Referral Revenue: We use the term “referral” to describe each time a visitor to one of our websites or apps clicks on a hotel offer or advertisement in our search results and is referred to one of our advertisers. We charge our advertisers for each referral on a cost-per-click (CPC) basis.
ROAS: The ratio of our Referral Revenue to our Advertising Spend in a given period, or Return On Advertising Spend. We invest in multiple marketing channels, such as: TV; out-of-home advertising; search engine marketing; display advertising campaigns on advertising networks, affiliate websites, social networking sites and email marketing; online video; mobile app marketing and content marketing.

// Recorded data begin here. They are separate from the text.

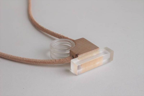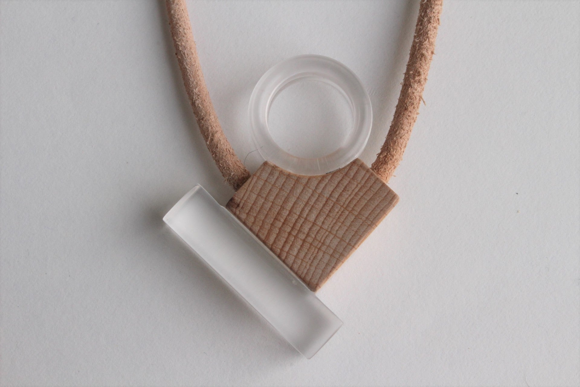 Hanger van acrylaat en beukenhout aan een koord van leder. De hanger is voorzien van een wax om het materiaal te beschermen tegen vocht en vuil.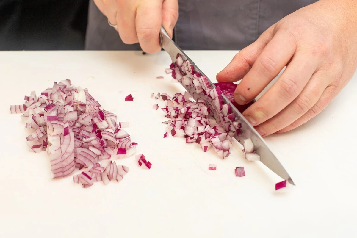 Лук нарежьте кусочками среднего размера, чеснок — соломкой, чили — мелко.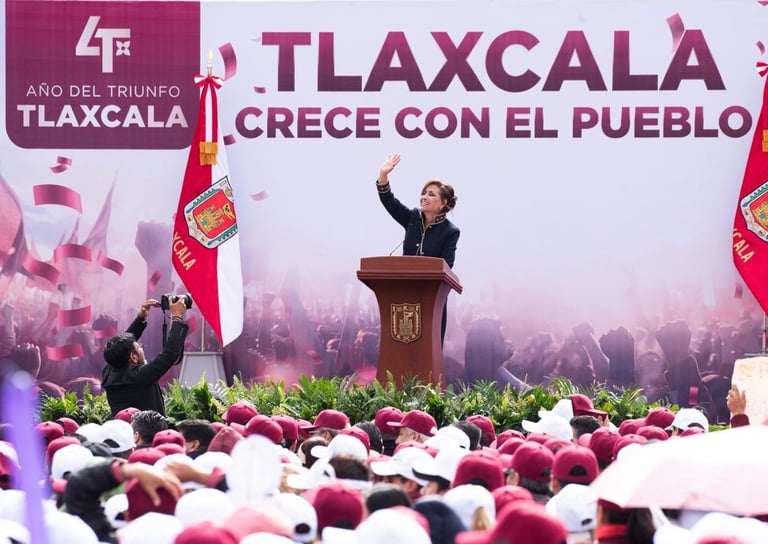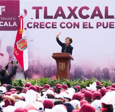 La gobernadora celebró cuatro años del triunfo de la 4T en Tlaxcala y destacó que la transformación del estado es ejemplo nacional por su modelo de gobierno honesto, con sentido humano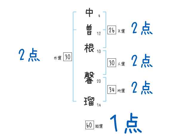 総運![]() | 中曽根馨瑠さんの総運は60画の1つ星!悲観的で迷いやすい。波乱が多く損をしないように。 あなたの人生を表す1番重要な運勢です。生涯を通じて影響する総合運となり、主に50歳以降の晩年期に影響を及ぼします。 |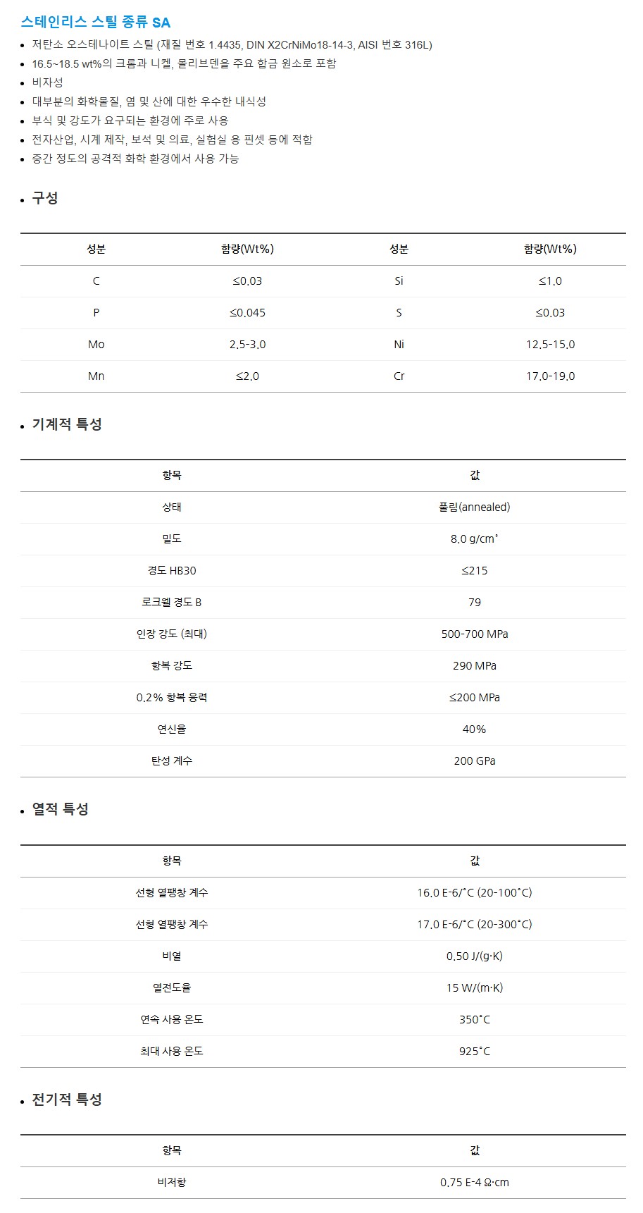 본체는 비자성 안티애시드(anti-acid) 스테인리스 스틸로 내식성과 내열성이 뛰어나며,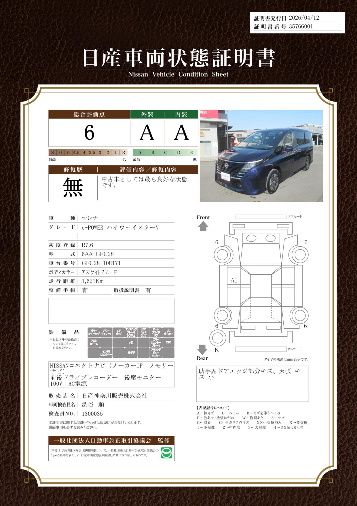 「車両状態証明書」は、査定協会監修のプロの検査員が公正かつ確かな基準で検査した”安心の証”です。

RPQR: We use average Revenue Per Qualified Referral, to measure how effectively we convert Qualified Referrals to revenue. RPQR is calculated as Referral Revenue divided by the total number of Qualified Referrals in a given period.
Qualified Referral: We define a Qualified Referral as a unique visitor per day that generates at least one referral. For example, if a single visitor clicks on multiple hotel offers in our search results in a given day, they count as multiple referrals, but as only one Qualified Referral.
Definitions of Non-GAAP Measures
Adjusted EBITDA:
We define Adjusted EBITDA as net income/(loss) adjusted for:
–income/(loss) from equity method investment,
–expense/(benefit) for income taxes,
–total other (income)/expense, net,
–depreciation of property and equipment and amortization of intangible assets,
–impairment of, and gains and losses on disposals of, property and equipment,
–impairment of intangible assets and goodwill,
–share-based compensation, and
–certain other items, including restructuring.
From time to time going forward, we may exclude from Adjusted EBITDA the impact of certain events, gains, losses or other charges (such as restructuring charges and significant legal settlements) that affect the period-to-period comparability of our operating performance.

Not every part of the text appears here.